The improvement in the properties of the hot strips is also visible in the plot of the oligocyclic fatigue resistance curve, shown in the diagram in FIG. 1. A strong improvement in the resistance to oligocyclic fatigue is indeed observed in favor of hot rolled steel according to the invention. This improvement is expressed by a relative decrease in resistance to 0.25% (R0.25) much less for the steel of the invention (14%) than for the reference steel HSLA (35%), corresponding also at a higher number of cycles (N) for the steel of the invention (45,000) than for the HSLA steel (15,000).

Fig. 2 shows the evolution of the Charpy resilience (5 mm test pieces) as a function of the test temperature.
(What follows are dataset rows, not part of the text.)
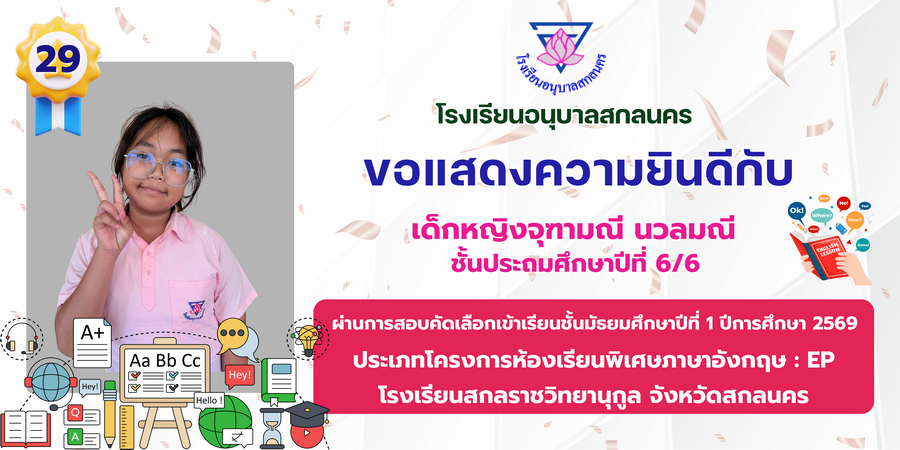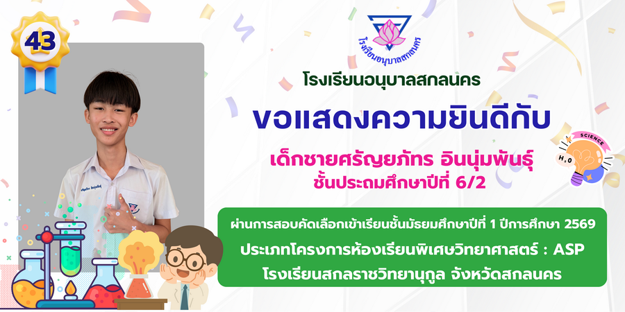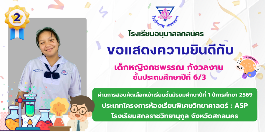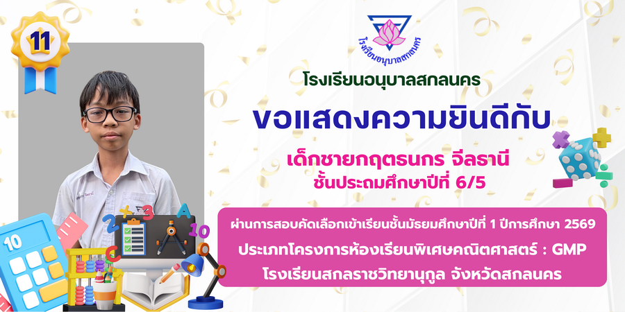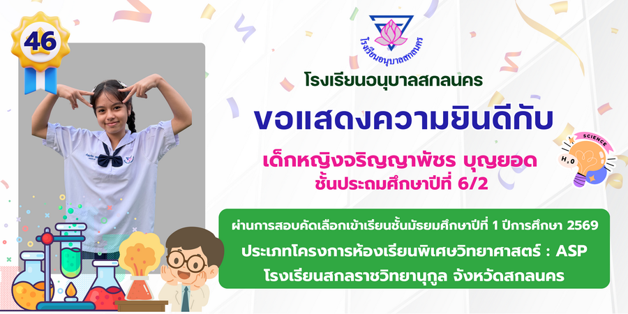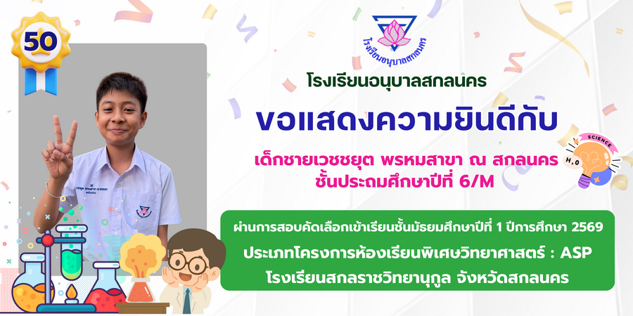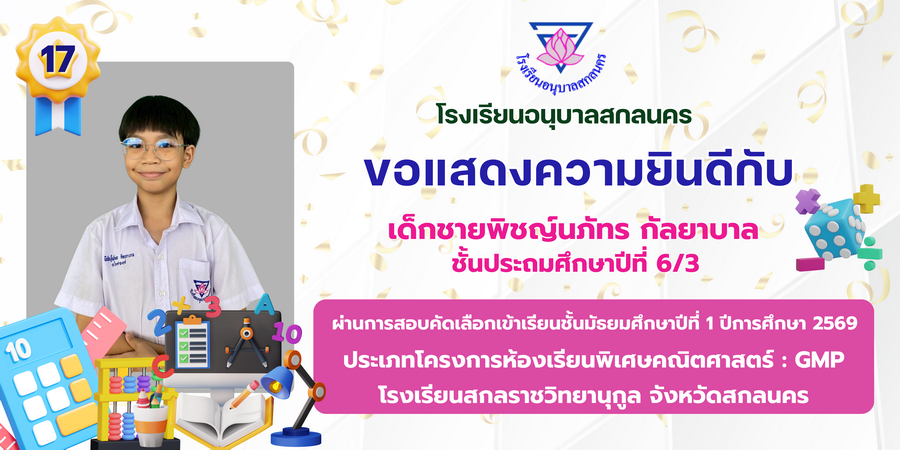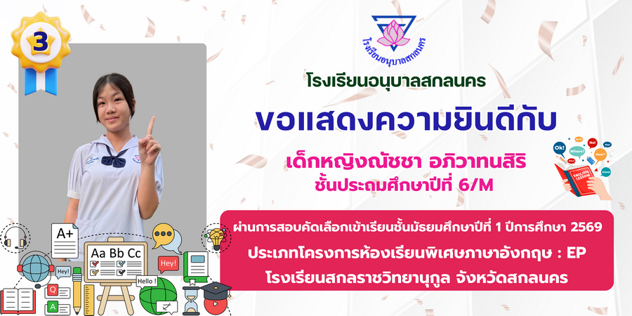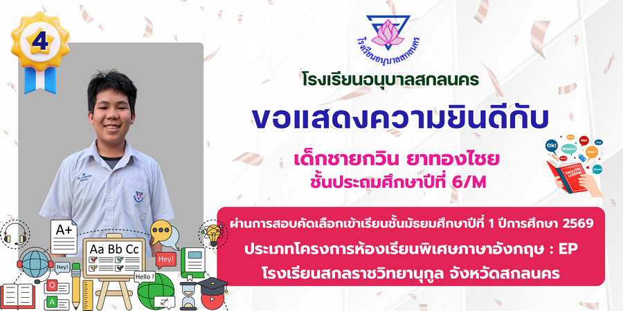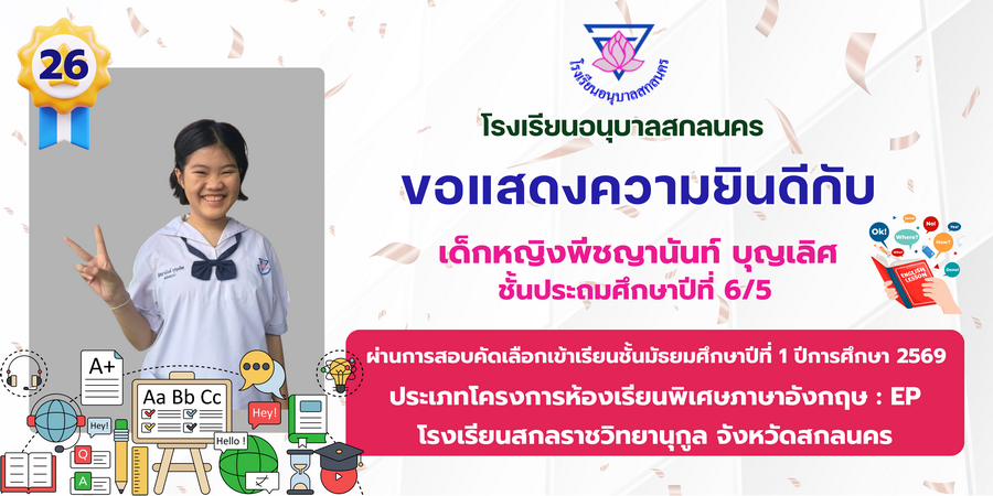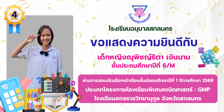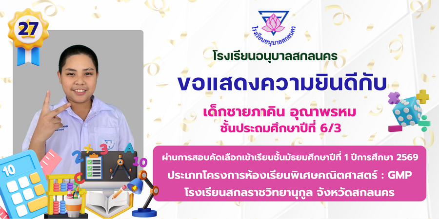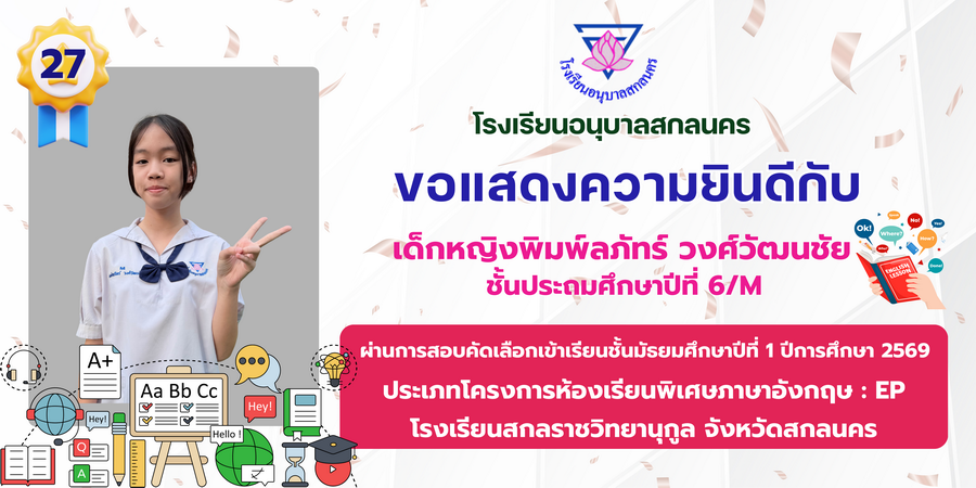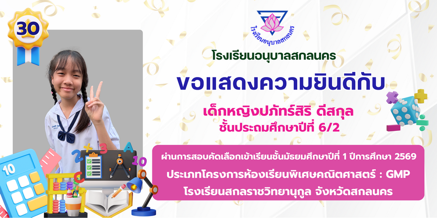 ขอแสดงความยินดี กับนักเรียนที่ผ่านการสอบคัดเลือกเข้าเรียนชั้นมัธยมศึกษาปีที่ 1 ประเภทห้องเรียนพิเศษ ASP / GMP / EP / CS โรงเรียนสกลราชวิทยานุกูล ปีการศึกษา 2569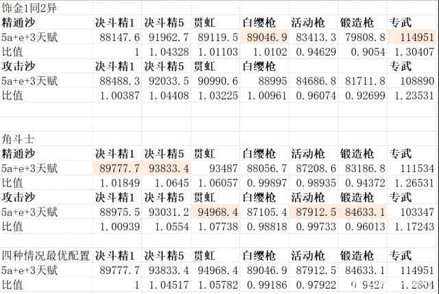 另外补充和璞鸢也是角斗士攻击沙伤害最高,5a+e+天赋总伤约102647,在最后一行的比值为1.143,和专武差距约12%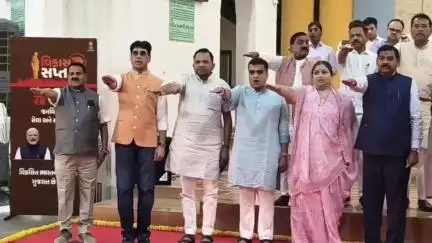 મુખ્યમંત્રી ભૂપેન્દ્ર પટેલ તથા રાજ્ય મંત્રીમંડળના મંત્રીઓ - મુખ્ય સચિવ તથા વરિષ્ઠ સચિવઓ અને અધિકારીઓએ વિધાનસભા પોડિયમમાં યોજાયેલા સામુહિક પ્રતિજ્ઞા પઠનમાં જોડાઈને "ભારત વિકાસ પ્રતિજ્ઞા" લીધી હતી.દેશના વડાપ્રધાન તરીકે નરેન્દ્રભાઈ મોદીએ વિકસિત ભારતના નિર્માણનો સંકલ્પ કર્યો છે તેને સાકાર કરવામાં પોતાનું સંપૂર્ણ યોગદાન માટે મન-કર્મ-વચનથી તત્પર રહેવા સાથે દેશ માટે સમર્પિત ભાવની સામુહિક ભારત વિકાસ પ્રતિજ્ઞા સૌએ કરી હતી.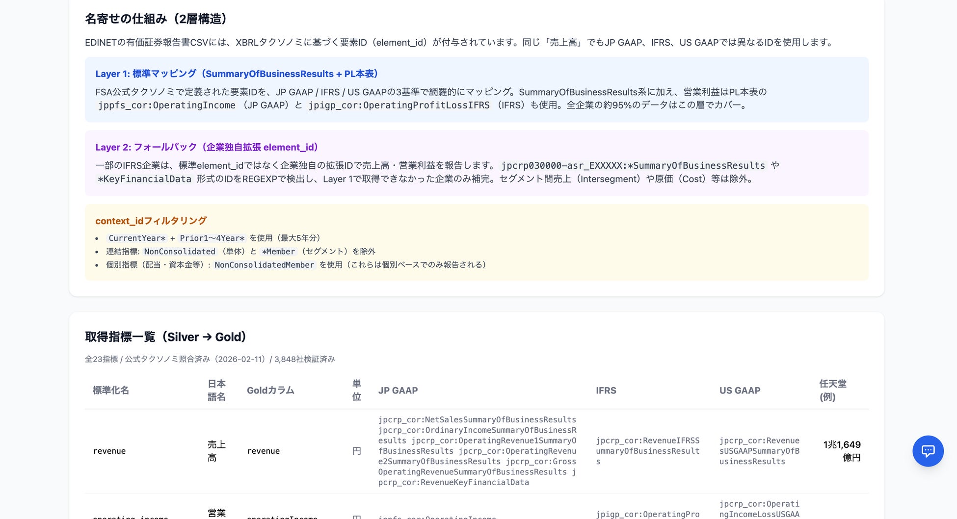 全3,848社×最大6年分(FY2020〜FY2025)のデータを収録。名寄せのマッピング定義(各会計基準の科目ID対応表)はサイト上のドキュメントページ(/docs/metrics)で全て公開しており、どの基準のどの科目がどう統合されているかを確認できます。

With regard to the strength properties, the examination of Table III and of FIG. 2 shows the marked improvement observed in the case of rolled steel according to the method of the invention.

Claims

1. Process for manufacturing a hot rolled strip of high strength steel, in which a hot rolled steel is rolled, the contents of carbon, manganese and silicon of which are between 0.04% and 0.2% by weight, between 0.5% and 2% and between 0.010% and 0.5% respectively, characterized in that said steel additionally contains niobium in a content of between 0.01% and 0.1% by weight, the remainder being iron and usual impurities, in that the hot finishing rolling of said steel is carried out between an initial temperature lower than 950 ° C. and a final temperature higher than the transformation temperature of austenite into ferrite (Ar3), with a thickness reduction rate of at least 85%, in that said hot-rolled steel is cooled within a period of less than 5 s with a cooling rate greater than 20 ° C / s to a temperature below 200 ° C and in that said hot rolled steel is coiled at said temperature below 200 ° C. 2. Method according to claim 1, characterized in that the cooling is carried out in a period of less than 1 s. 3. Method according to either of claims 1 and 2, characterized in that the cooling rate of the hot rolled steel is between 30 ° C / s and 1000 ° C / s. 4. Method according to either of claims 1 to 3, characterized in that said cooling is carried out continuously and monotonously up to said temperature below 200 ° C, said winding temperature. 5. Method according to either of claims 1 to 4, characterized in that said winding temperature is between 20 ° C and 1 50 ° C.